On April 19, Bank of America Corp (BAC) released first quarter earnings with a lot of moving parts to them, but that were quite strong when you get past the noise. Every business reflected improved profitability versus the fourth quarter of 2011 due to better market conditions, and improved execution.
As written about before in my articles on Citigroup Inc. (C), and American International Group Inc. (AIG), there is a huge disconnect between business values and stock market values in the financial sector. Bank of America offers an extremely compelling risk reward opportunity, trading at just over 4 times normalized earnings, and with a balance sheet that is among the strongest in the bank's history. For investors looking to double their money while obtaining a strong dividend yield over the next 3-5 years, there are few better opportunities than this out of favor gem.

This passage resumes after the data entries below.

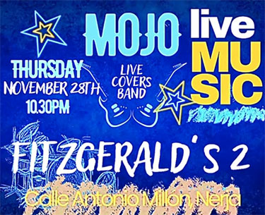 Coverband Mojo bij Fitzgerald’s Bar II in Nerja NERJA – De coverband Mojo treedt donderdagavond 28 november op bij Fitzgerald’s Bar II aan de Calle Antonio Millón 2 in het centrum van Nerja. Het optreden is gratis toegankelijk en begint rond 22.30 uur. Delen: Klik om te delen op X (Opent in een nieuw venster) X Klik om te delen op Facebook (Opent in een nieuw venster) Facebook Vind-ik-leuk Aan het laden...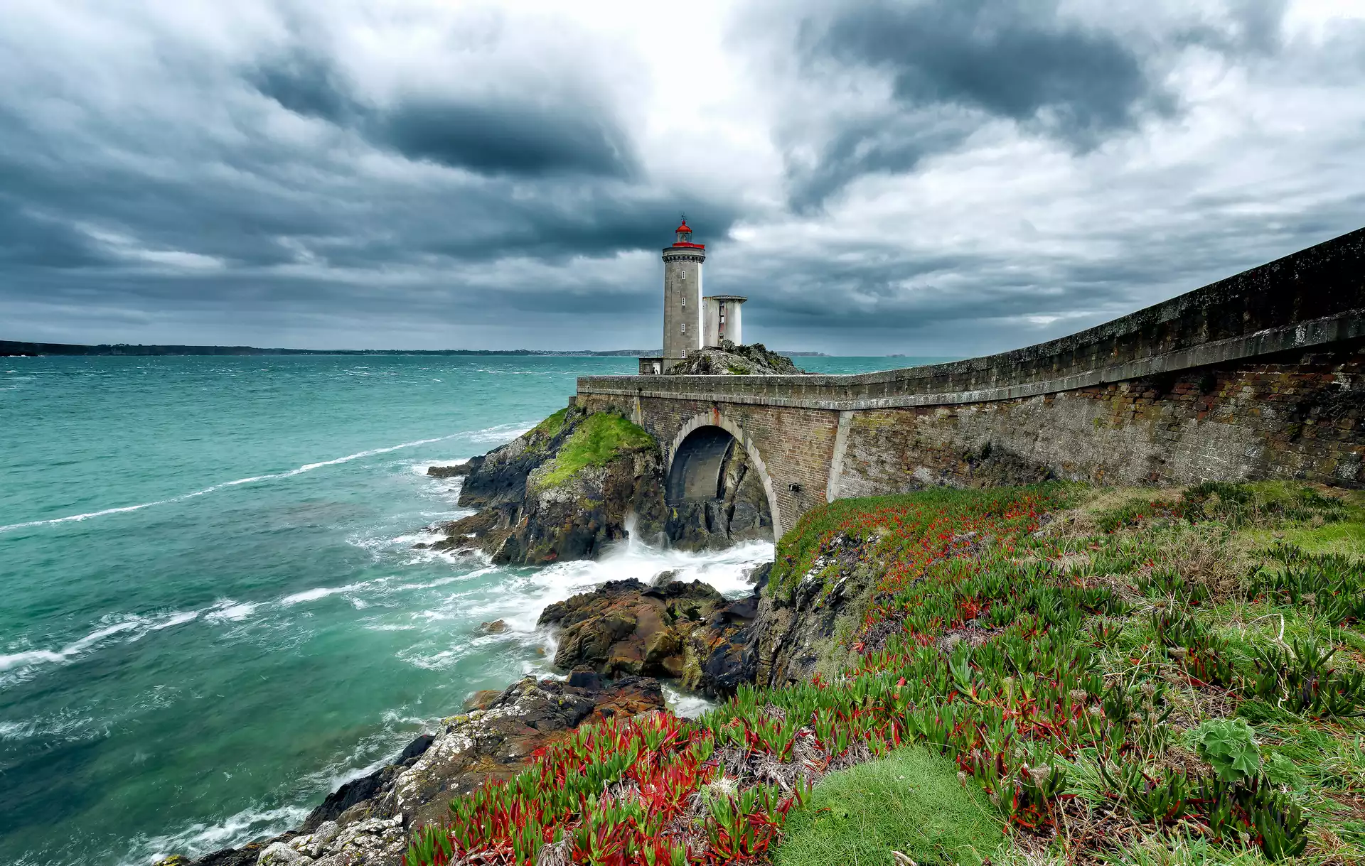 Francja, Bretania, Gmina Plouzané, Latarnia morska Phare du Petit Minou, Morze, Wybrzeże, Roślinność |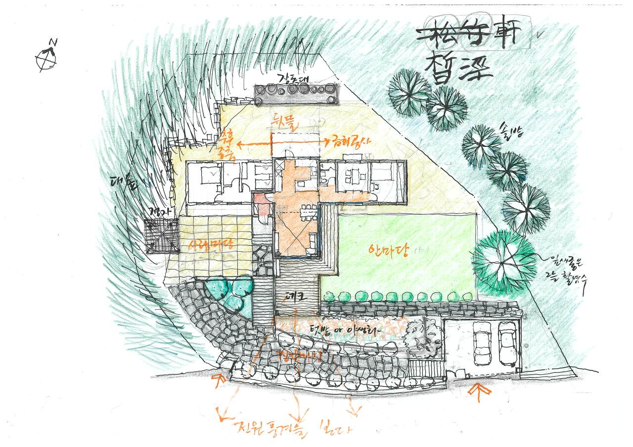 그 밖에 이런저런 이야기를 나누며 전원에 단독주택을 지어서 살아갈 건축주의 행복한 일상을 설계자가 제안해야겠다고 생각했다. 300 평이 넘는 작지 않은 터에 대숲과 풍채 좋은 송림에 둘러싸여 있는 데다 남향으로 전원을 내려다 보고 있으니 이만한 여건이 쉽지 않다.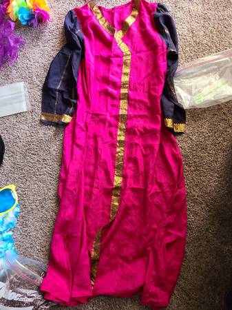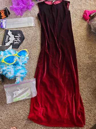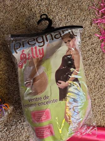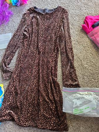 Halloween made easy with a pregnant belly and a dress or two, ready to cut to fit the look you're going for. Long sleeve leopard print dress is size 10. Sleeveless red dress is size large. Pink,...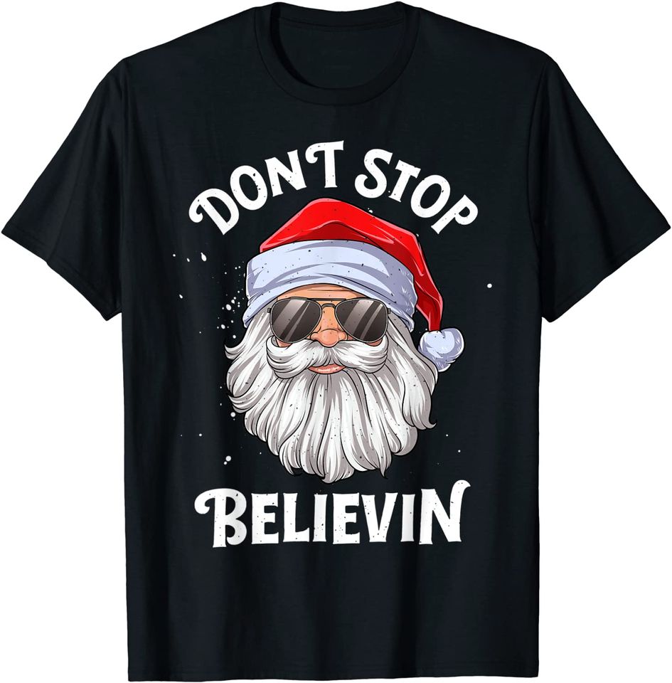 Shop for attractive Don't Stop Believin Santa Christmas Gifts T-Shirt or see more T-Shirts products right now on Printblur.com!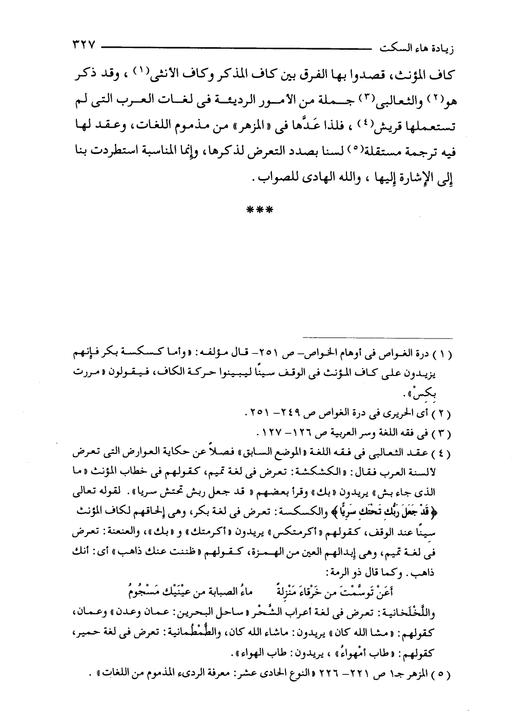 (4) عقد الثعالبي في فقه اللغة "الموضع السابق" فصلًا عن حكاية العوارض التي تعرض لألسنة العرب فقال: "الكشكشة: تعرض في لغة تميم، كقولهم في خطاب المؤنث "ما الذي جاء بش" يريدون "بك" وقرأ بعضهم "قد جعل ربش تحتش سريا". لقوله تعالى {قَدْ جَعَلَ رَبُّكِ تَحْتَكِ سَرِيًّا} والكسكسة: تعرض في لغة بكر، وهي إِلحاقهم لكاف المؤنث سِينًا عند الوقف، كقولهم "أكرمتكس" يريد ون "أكرمتك" و"بك"، والعنعنة: تعرض في لغة تميم، وهي إِبدالهم العين من الهمزة، كقولهم "ظننت عنك ذاهب" أي: أنك ذاهب. وكما قال ذو الرمة:

The bear argument against Bank of America is primarily predicated on unjustified concerns on its accounting. I say that the concerns are unjustified because banks have never been under closer scrutiny than they are currently, and banks financial statements are always most transparent after a financial crisis as loan disclosures are improved dramatically. Activities such as the stress test and the overly ambitious Dodd-Frank have created an arguably overly capitalized banking sector, as opposed to the hideously leveraged monster that existed pre-Lehman.
The second bear argument revolves around risks pertaining to Bank of America's HELOC and rep and warranty exposures. A basic understanding of credit cycles tells the investor that the majority of loan losses and provisions have been taken long ago; as homeowners still paying on their mortgage, whether it is underwater or not, are doing everything in their power to stay current. Bank of America has reserves of 3.6% of loans and leases outstanding which equates to 2 times the current level of annualized credit losses. Whether its credit cards, 1st lien mortgages, or HELOCs, banks have shown 10-12 consecutive quarters of improving credit metrics. During that time these banks have continued originating solidly underwritten loans with attractive yields.
BAC in the first quarter was due to new guidance effecting all of the banks on the accounting of Home Equity NPAs ($1.85b), but excluding that nonperforming loan trends continued to improve. Bank of America has $15.8 billion reserved for reps and warranties with the primary growth driver being requests from the GSE's. The $3.1 billion and $4.9 billion in reserves for the Monolines and Private Mortgage purchases should be adequate to cover future costs including a likely settlement with MBIA Inc. (MBI), and even if we assume an unlikely 50% increase in GSE liability we are only talking about $4 billion pretax as it has $8.1 billion reserved. That is hardly a game changer for a company with a tangible net worth of $139 billion or $12.87 a share.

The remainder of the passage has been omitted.